To further enhance this, the farm hopes to eventually add an experimental wetland space and an outdoor classroom.

While Bucknell Dining does not presently source food from the farm, dining services have created an even more local source: indoor Babylon Micro-Farms. These compact greenhouse-like structures can be found in the Bison and Bostwick Cafe, growing fresh herbs and vegetables that will find their way to students’ plates. 

Bucknell has also recently introduced an Environmental Honors Society, Epsilon Eta. They are currently in a brainstorming stage while working the campus farm and other local farms in order to create access to organic foods at B-Eats. Despite its new presence on campus, the society has already made some accomplishments in promoting sustainability.

We provide recycled office and school supplies through the Sustainable Office Supply Store run out of the bottom floor of Taylor Hall,” Grace English ’25, a member of Epsilon Eta, said. “The entirety of our society has opportunities to volunteer there and I myself have spent many hours in the store.

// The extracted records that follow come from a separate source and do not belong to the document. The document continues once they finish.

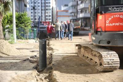 Kaşüstü Mahallesi Merkez Caddesi’ne bağlanan sokaklarda devam eden yağmursuyu hattı çalışmalarını yerinde inceledi.
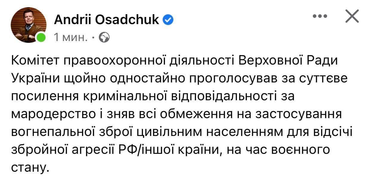 "Комитет правоохранительной деятельности Верховной Рады Украины только что единогласно проголосовал за существенное усиление уголовной ответственности за мародерство и снял все ограничения на применение огнестрельного оружия гражданским населением для отражения вооруженной агрессии РФ/другой страны на время военного положения", - говорится в сообщении.
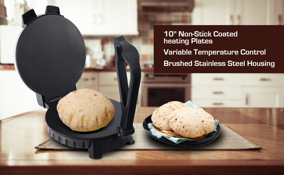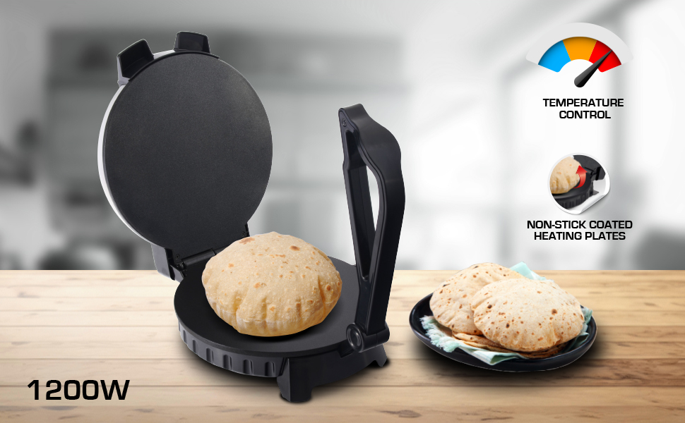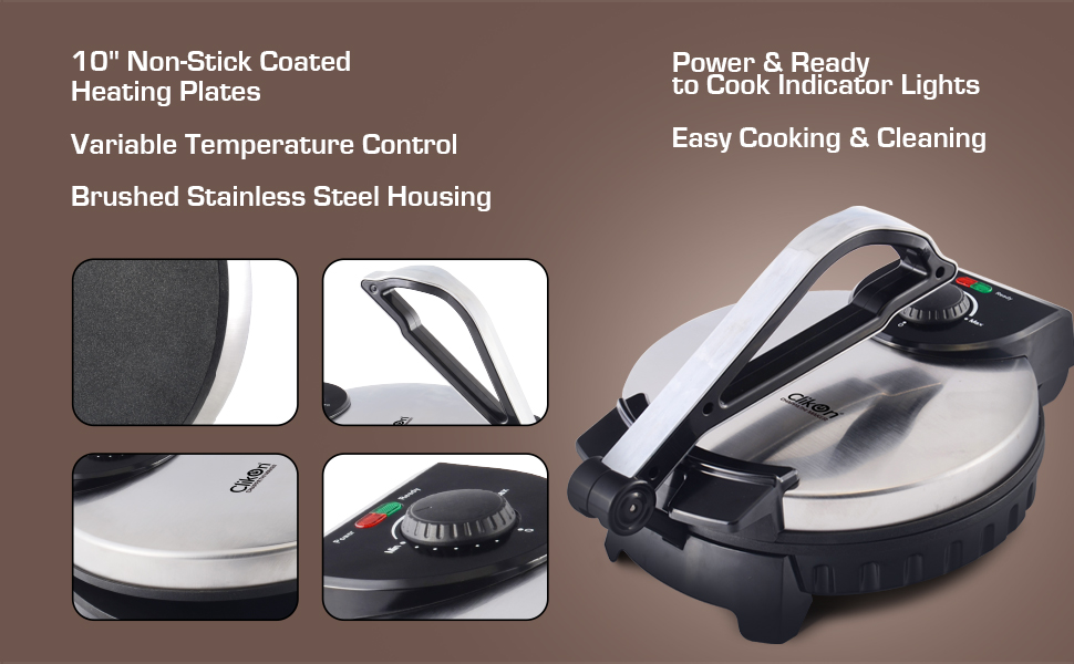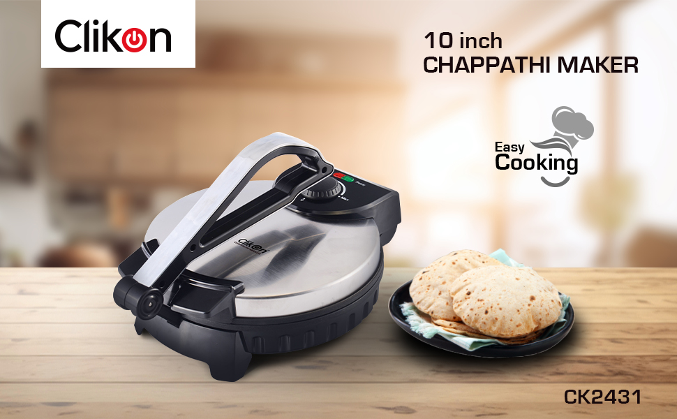Effortlessly Prepare a Variety of Flatbreads The Clikon CK2431 is designed to effortlessly prepare a variety of flatbreads, including Tortilla, Wraps, Burritos, Roti’s, and more. Its non-stick surface ensures easy cooking and removal, while the cool-touch handle ensures safe handling. The power and ready indicator lights provide clear signals, while the control dial grants precise temperature adjustments for optimal results. The CK2431 chapatti maker is an essential addition to your kitchen.

“Epsilon Eta additionally sponsors activities such as trash cleanup around campus and golf ball cleanup on the golf course, as the golf balls often end up in the ditch and impede the water supply,” English said. “This initiative is very important because our entire campus is actually on one huge watershed. The fields, golf courses, and new construction near the Mods were once rivers, and that water still exists there. The more building we do, the higher the risk for flooding there is.”